I'm going to go for INFP on the basis that someone in the INFP photo thread mentioned that we have a habit of taking pictures with odd and quirky things, and I feel that line of reason might just be theoretically sound.


----------



## phonethesun (May 6, 2013)

xSFP


----------



## A Little Bit of Cheeze (Apr 21, 2012)

I can't give you a good answer because I accidentally cheated but you seem oddly ISFP.


----------



## Aelthwyn (Oct 27, 2010)

I'm getting an NF vibe, you have a sort of soft un-intimidating look. I think I'd go with introvert because of looking off to the side in two photos, and the way your head is sort of cocked to the side when looking straight on just gives me the impression of slightly retreating.
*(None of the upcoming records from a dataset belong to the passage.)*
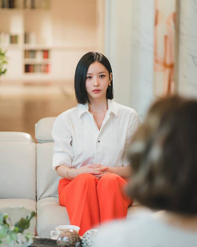단정한 화이트 셔츠에 강렬한 오렌지 컬러의 팬츠를 매치하여 시선을 사로잡는 오피스룩을 완성했다. 군더더기 없는 디자인의 화이트 셔츠는 단추를 살짝 풀어 여유로운 느낌을 주며, 하의의 쨍한 컬러감이 룩 전체에 생동감을 불어넣는다. 앉아 있는 자세에서도 느껴지는 비비드한 팬츠의 존재감은 자신감 넘치고 프로페셔널한 커리어 우먼의 이미지를 연상케 한다. 심플한 액세서리와 정갈한 헤어스타일이 더해져 지적이면서도 세련된 무드를 극대화했다.
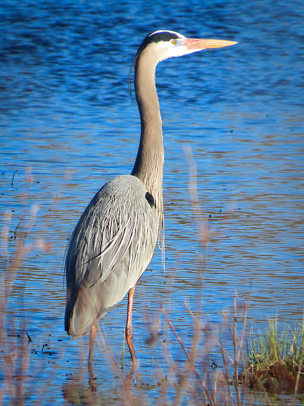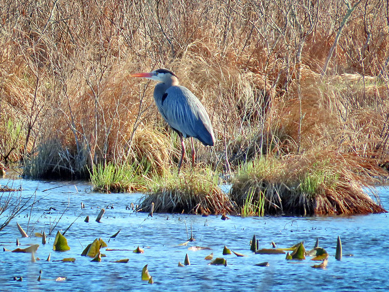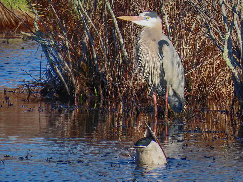 Great Blue Heron (Ardea herodius) and male Mallard (Anas platyrhynchos).
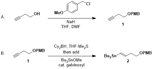 To demonstrate the Hoshi method, we chose as our substrate the PMB ether derivative of 3-butynol. The detailed procedure described in this article represents the first experimental procedure to appear in
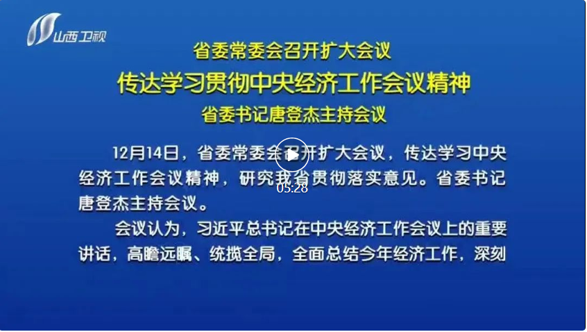 山西日報報道 12月14日,省委常委會召開擴大會議,傳達學習中央經濟工作會議精神,研究我省貫徹落實意見。省委書記唐登杰主持會議。
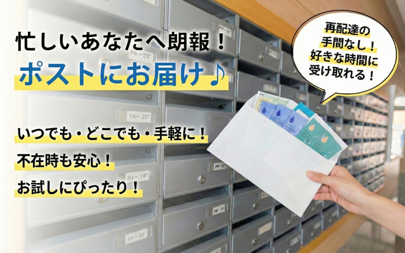 また、お試しセットは、後払いが可能かつ、「ネコポス(ポスト投函)」で届くので、お仕事で留守がちでも、すっぴんで家にいても、気兼ねなく受け取れます。
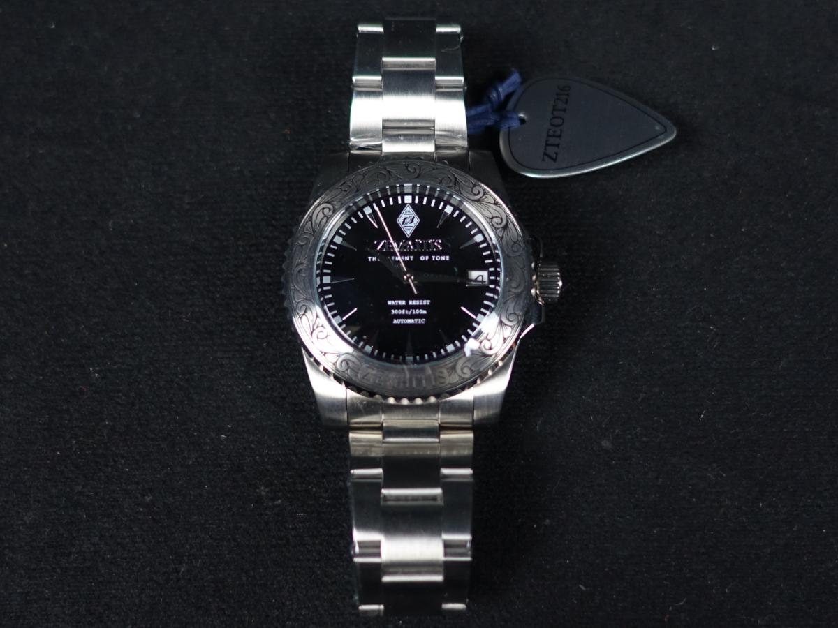 「ZTEOT216」は、ゼマイティス・ギターを象徴するメタル・フロントのデザインを投入し、無骨なロックの雰囲気とゼマイティスらしい気品さを併せ持つ高級腕時計です。
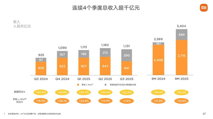 倘若只看原本的“手机 x AIoT”业务,不含汽车,那2024Q3到2025Q3的季度收入同比分别是+16.8%、+26.1%、+22.8%、+14.8%和+1.6%,本季度显著放缓。
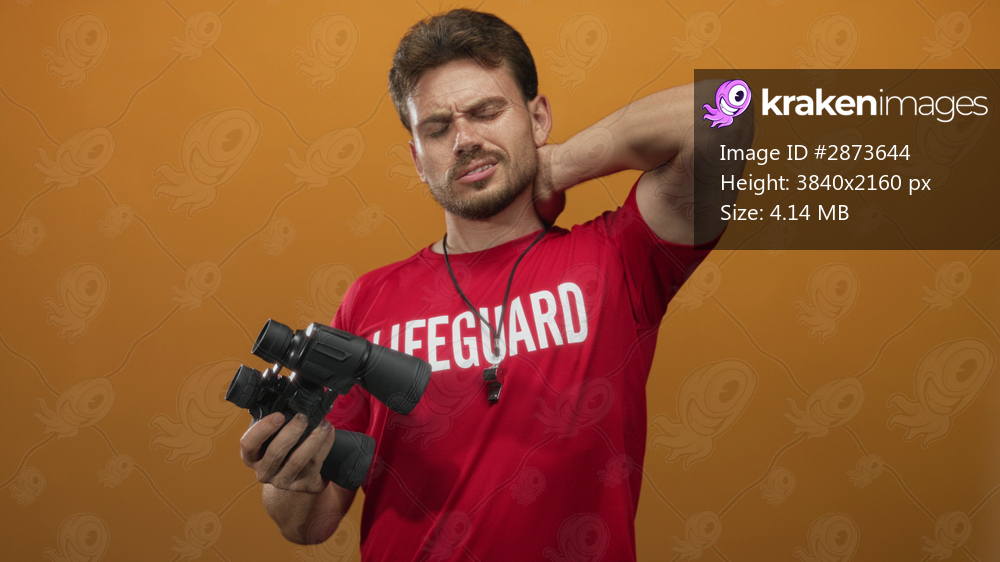 Man wearing lifeguard shirt holding binoculars with hand on neck for neckache in orange studio; discomfort.
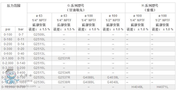 所有壓力傳感部件都被甘油密封與抗震以確保長壽命
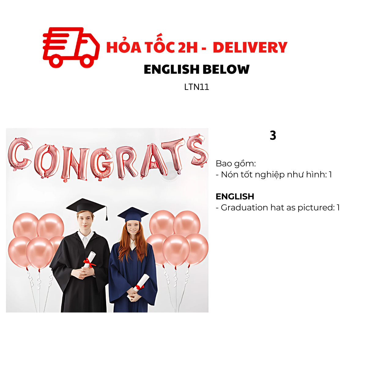 Chúc mừng ngày tốt nghiệp theo cách thật ngọt ngào với bộ bóng màu hồng dễ thương này! Tông màu nhẹ nhàng, nữ tính giúp không gian thêm phần nổi bật và ấm áp. Dù là bữa tiệc tại nhà hay trong lớp học, set bóng bay tốt nghiệp màu hồng LTN11 luôn tạo nên khung hình hoàn hảo để lưu giữ kỷ niệm đáng nhớ.
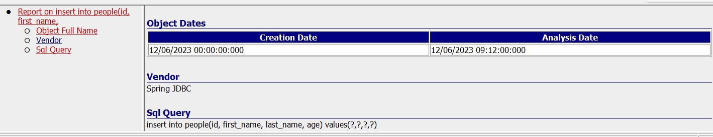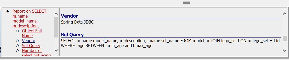 This extension is specifically targeted at the Spring Data and Spring JDBC frameworks and should be used in conjunction with the JEE Analyzer extension. CRUD operations and Named Queries (@NamedQuery and @NamedQueries Annotations) are supported for JPA and JDBC. In addition, this extension provides support for JdbcTemplatewhich is the main Spring JDBC API, which allows access to almost all functionalities of this framework. We focus here on running basic queries and running queries with named parameters.
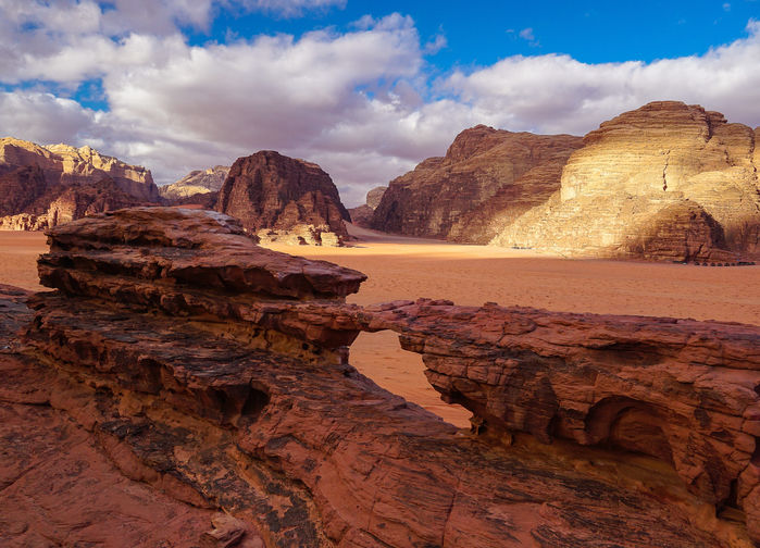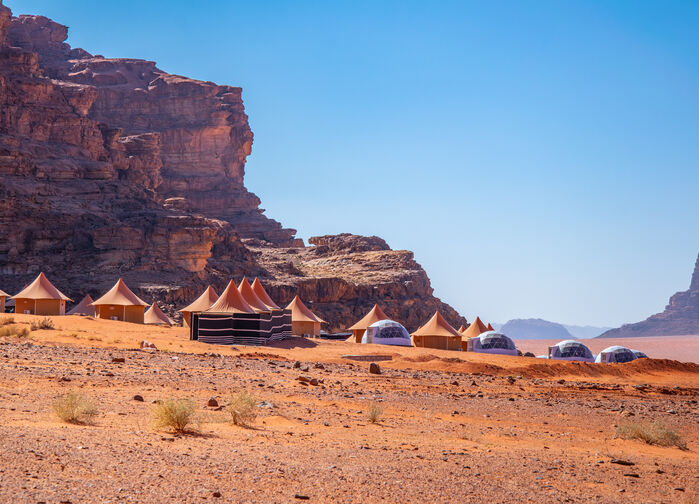 Vi forlater Petra og reiser til Wadi Rum, den største av Jordans wadier og den mest berømte i moderne tid, ikke minst fra filmene Lawrence of Arabia og The Martian. Landskapet er virkelig marsiansk med sin røde ørkensand og sandsteinsklipper. Dette området var også bebodd av de tidlige nabateerne, og mange veggmalerier vitner om jakt. I dag bor det bare beduiner her, og området har blitt et populært turistmål. Ved Wadi Rum-senteret fortsetter reisen med jeep inn i ørkenen. Kjøretiden er ca. 2 timer. Vi stopper for lunsj på et beskyttet sted. Jeepen fortsetter med bagasjen mens fotturen begynner og varer i ca. 4 timer til vi når teltleiren vår. Overnatting i Wadi Rum. Om kvelden spiser vi middag omgitt av fjellformasjoner. Frokost, lunsj og middag er inkludert.
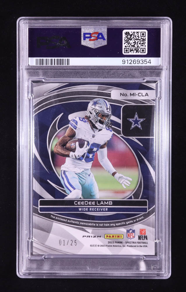 CeeDee Lamb 2023 Panini Spectra Max Impact Materials Meta #14 #1/25 (PSA 10)
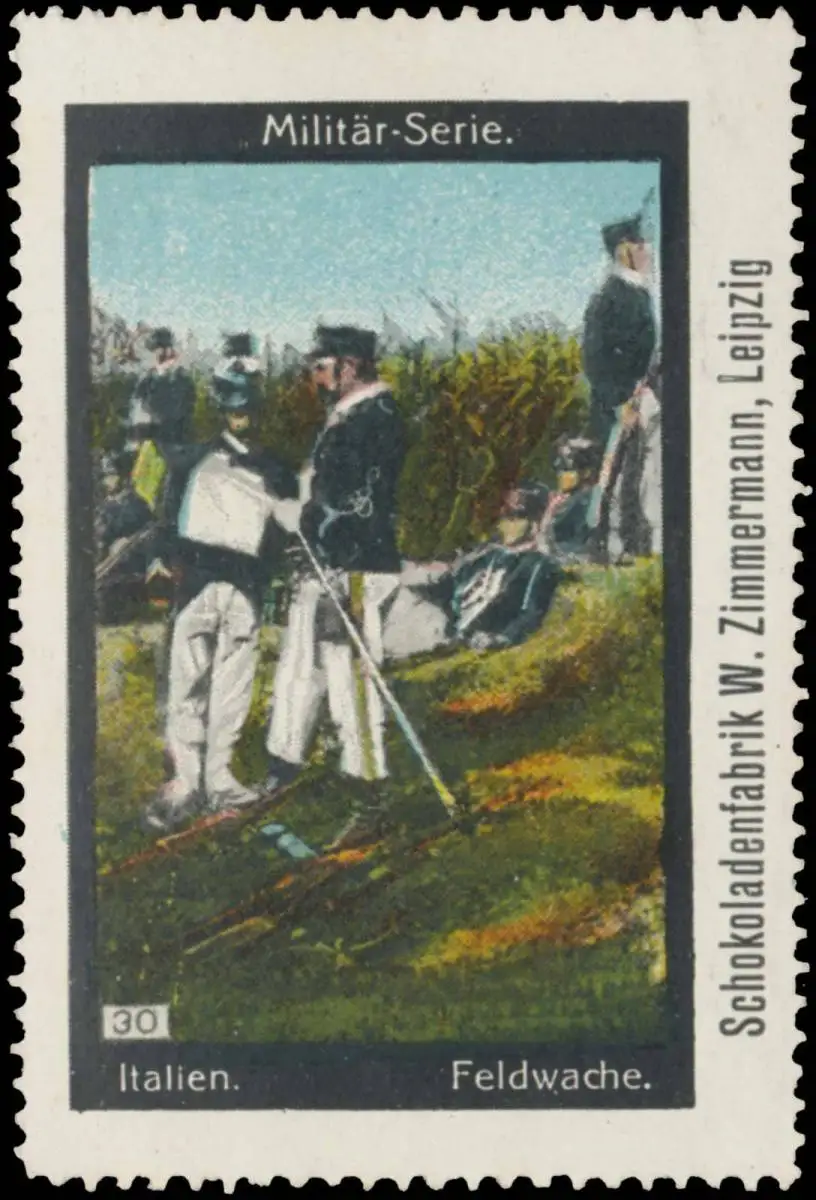 Militär-Serie, Bild 30, Schokolade, Größe/Zustand: 6x4 , guter Zustand, Original alte Reklamemarke die seinerzeit für die Werbung benutzt wurde

Not sure about J or P, though (however irrational it is) your hair is giving me a P feeling, and sort of the spontaneous not in controll expression in the first two pictures. ... but it's pretty weak speculation. *shrug*


----------



## austin_music (May 8, 2013)

Infp?


----------



## Emerald Legend (Jul 13, 2010)

INFP. Final answer.


----------



## Theokon (Nov 19, 2013)

Just by looks IxFx but since you like to run around in the woods isfp


----------



## Eating_salad_bones (Aug 21, 2013)

Enfp.


----------



## Minami (Jan 19, 2014)

INFP.
Cuz I looked at your profile. c:


----------



## 45130 (Aug 26, 2012)

isfj


----------



## infamous (Jan 19, 2014)

I knew you were INFP straight away. The teddy bear was a massive tell tale sign.


----------